*DATASET EXTRACT*:
-.-.-

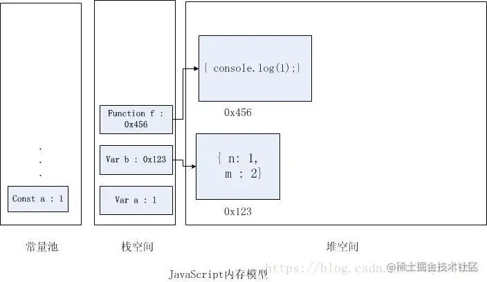 我们存放一个常量时,将其存放在常量池中,保存常量名称和常量的值。在这里主要是说一下栈空间和堆空间。栈空间用来存放全局变量和局部变量,如果该变量是基本数据类型,那么栈空间存储该变量的名称和值。例如,var a = 1; 我们会在栈空间中开辟一块新的内存,存放变量的名称a和变量的值1。如果该变量是复杂数据类型(对象),那么栈空间存放变量名称和该对象在堆空间中的地址值。例如,var b = {n : 1,m : 2}; 我们会在堆空间中开辟一块内存存放对象{n : 1,m : 2},同时在栈中开辟一块内存空间存放变量名b和该对象在堆空间的地址值0x123。
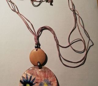 COLLIER/SAUTOIR médaillon nacre, fleurs peintes à la main vernissé 1 pendentif formé de 2 pièces 1 en bois diamètre 3 cm 1 en nacre de diamètre 6,5 cm environ s'enfile par la
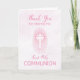 Perfekte Karte, um Menschen zu danken, die nachdenklich und großzügig an Ihrem Ersten Kommunionentag waren. Weich rosa Wasserfarbe war der Hintergrund des rosa Kreuzes, Gastgeber und Strahlen der Freude und Gnade. Ein moderner Script-Schriftart fügt die Dankeschön-Nachricht hinzu.
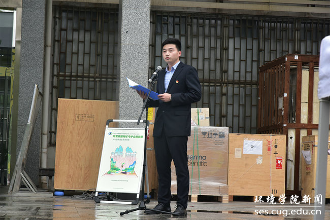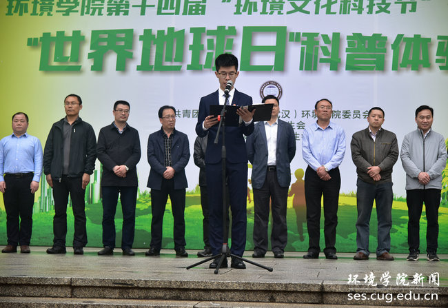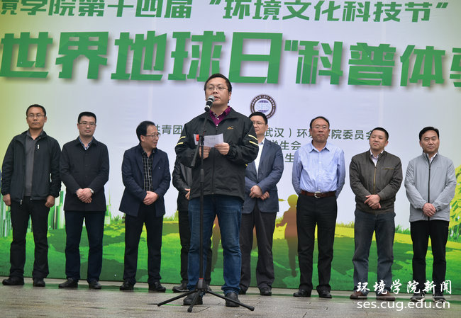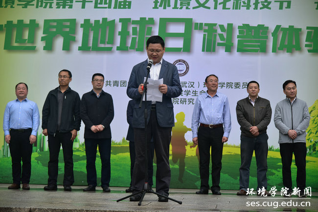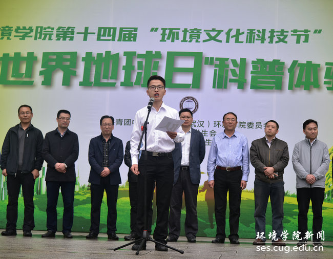 马腾致辞。他代表学院感谢为此次活动付出辛勤工作的师生。他说,促进和实现人与自然的和谐发展是生态文明建设的目标,是中国地质大学办学使命,更是p站视频
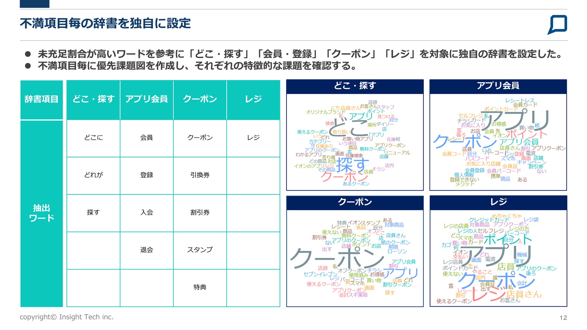 特に未充足割合の高い「どこ・探す」「会員・登録」「クーポン」「レジ」についてカスタム辞書を作成。「小売店×アプリ」不満の本文に辞書の対象ワードを含むデータセットを4つ作成した。
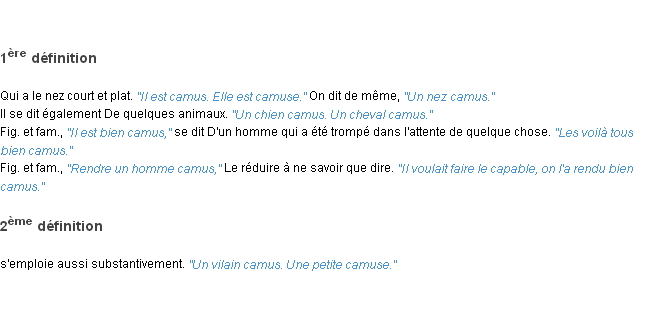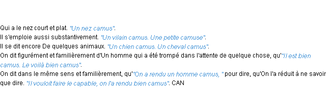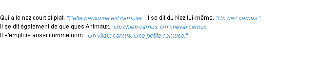 Signification du terme « camus », parution de 1932, dictionnaire académique Français.
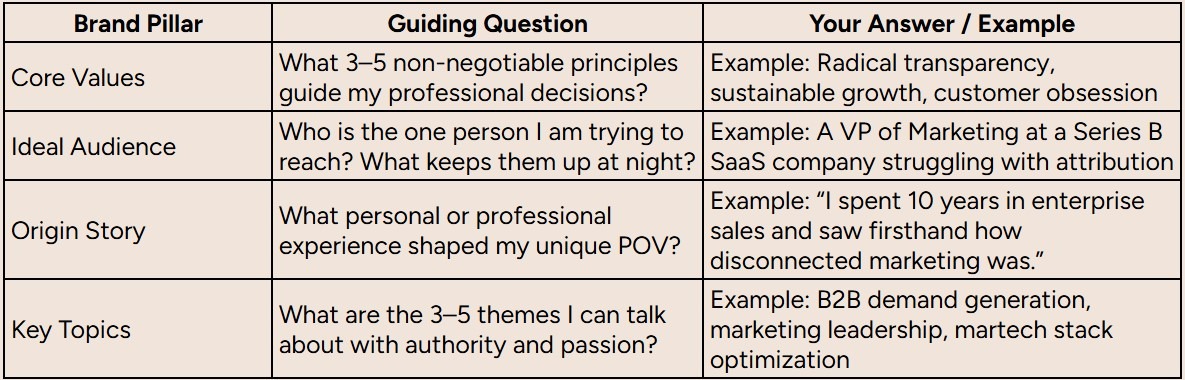 Without this groundwork, your content will feel random and disconnected. You'll end up sounding like every other leader out there, spouting generic corporate-speak that nobody remembers. We can't have that.
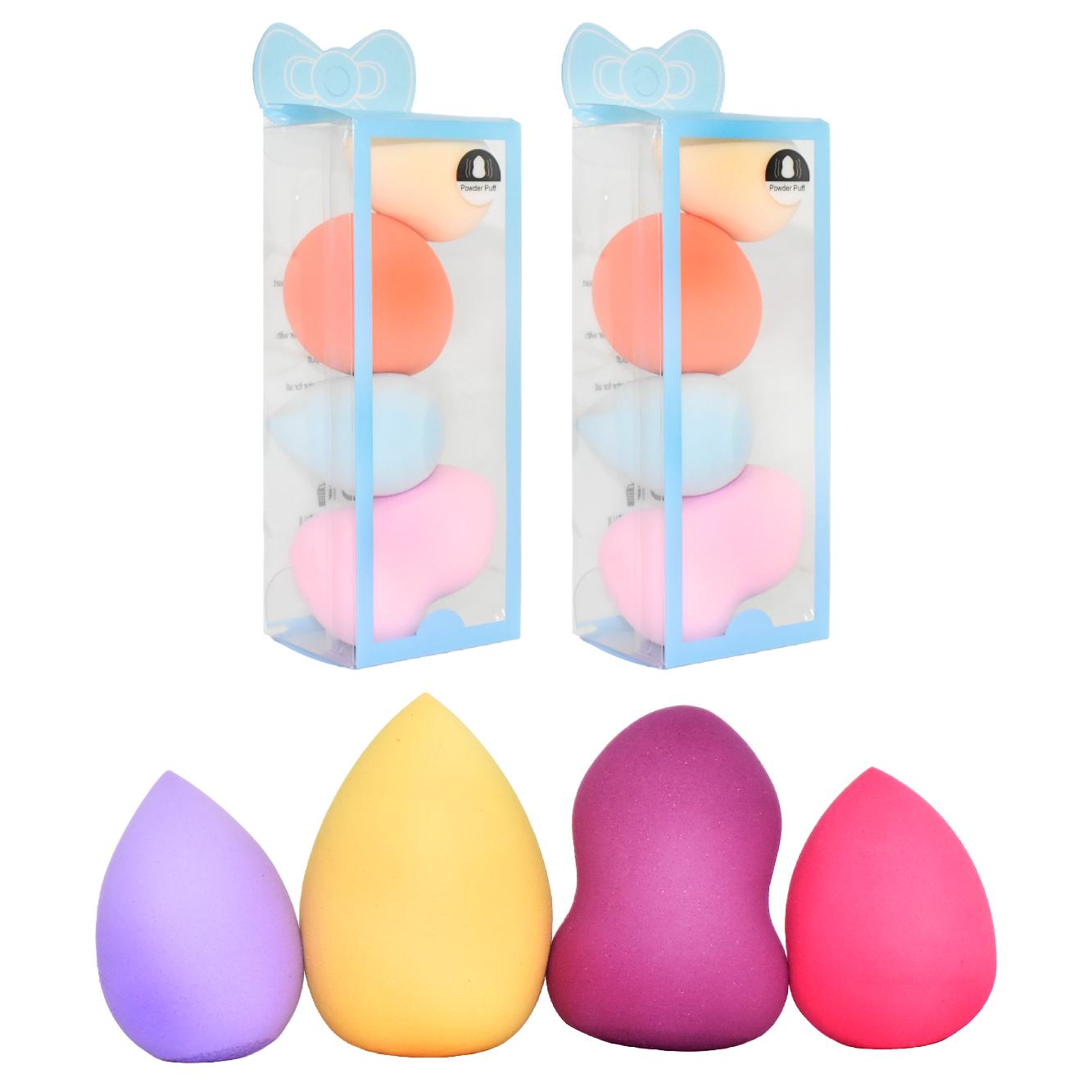 Set de 3 esponjas para maquillaje Powder puff colores surtidos con moño
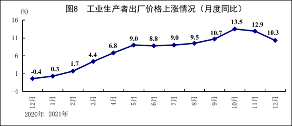 全年全國規模以上工業增加值比上年增長9.6%,兩年平均增長6.1%。分三大門類看,採礦業增加值增長5.3%,製造業增長9.8%,電力、熱力、燃氣及水生產和供應業增長11.4%。高技術製造業、裝備製造業增加值分別增長18.2%、12.9%,增速分別比規模以上工業快8.6、3.3個百分點。分產品看,新能源汽車、工業機器人、集成電路、微型計算機設備產量分別增長145.6%、44.9%、33.3%、22.3%。分經濟類型看,國有控股企業增加值增長8.0%;股份制企業增長9.8%,外商及港澳台商投資企業增長8.9%;私營企業增長10.2%。12月份,規模以上工業增加值同比增長4.3%,環比增長0.42%。製造業採購經理指數為50.3%,比上月上升0.2個百分點。2021年,全國工業產能利用率為77.5%,比上年提高3.0個百分點。
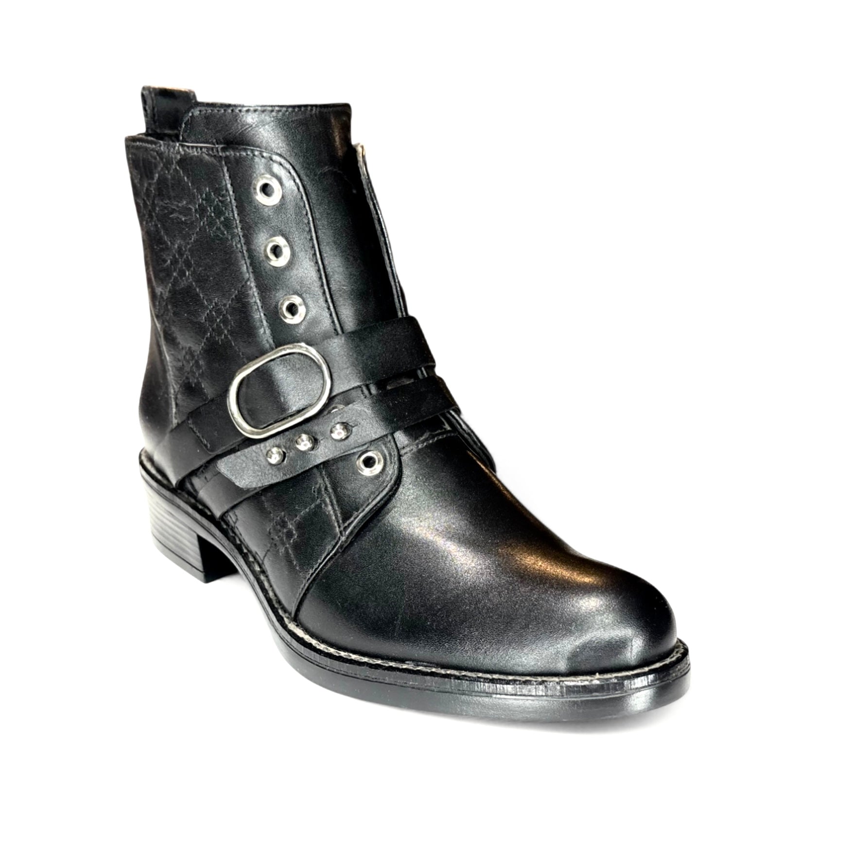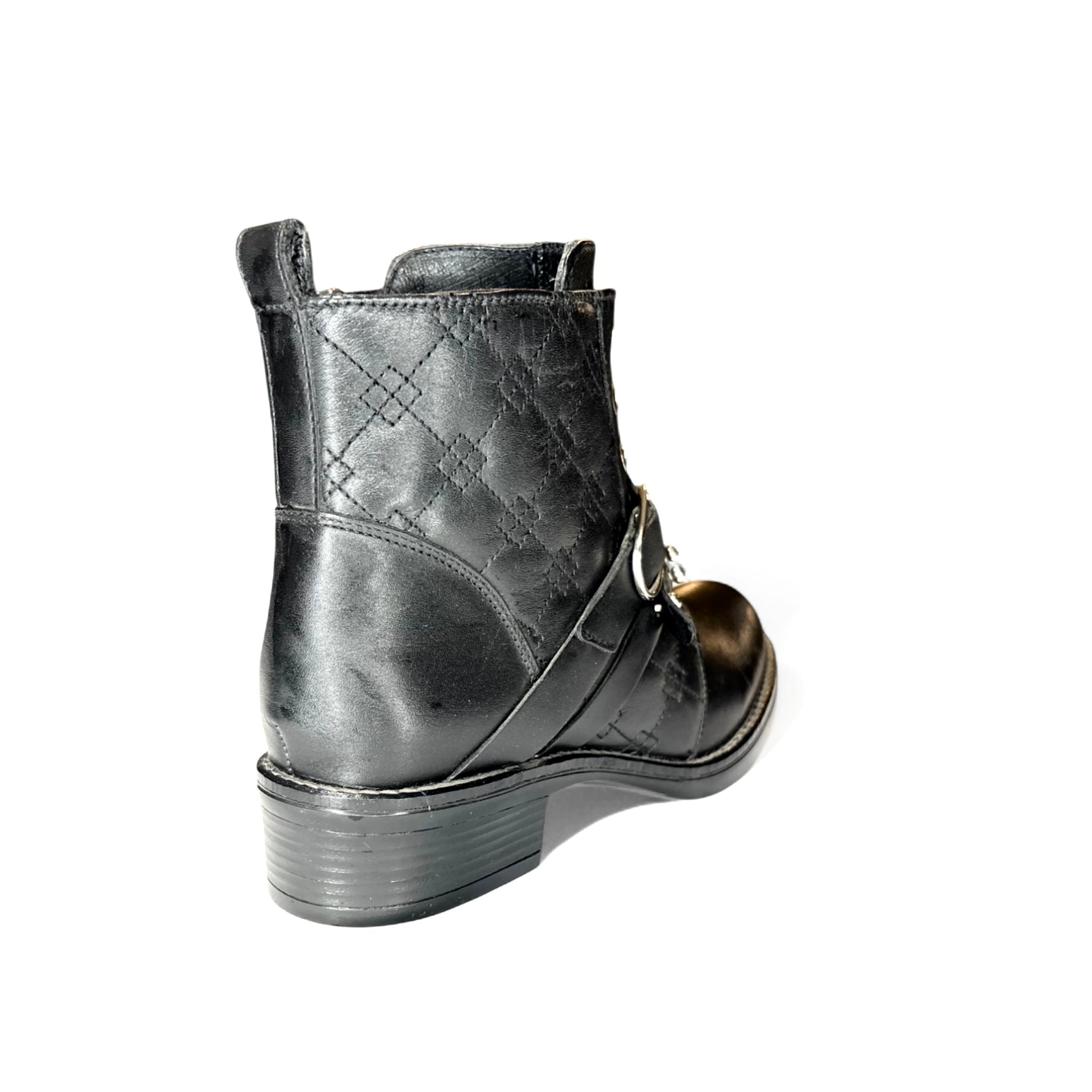 Botín negro con hebilla y textura
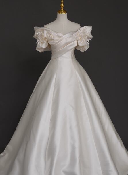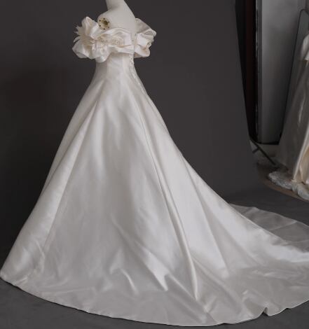 ウエディングドレス オフショルダー 花モチーフ ミカドサテン ロングトレーン 結婚式

-.-.-

*GOAL OF THE EXERCISE*:
Print the lines from the line containing "Botín negro con hebilla y textura" through the last line of the listing, exactly as they stand, and leave any pictures out.

*RESPONSE TO THIS EXERCISE*:
 Botín negro con hebilla y textura
 ウエディングドレス オフショルダー 花モチーフ ミカドサテン ロングトレーン 結婚式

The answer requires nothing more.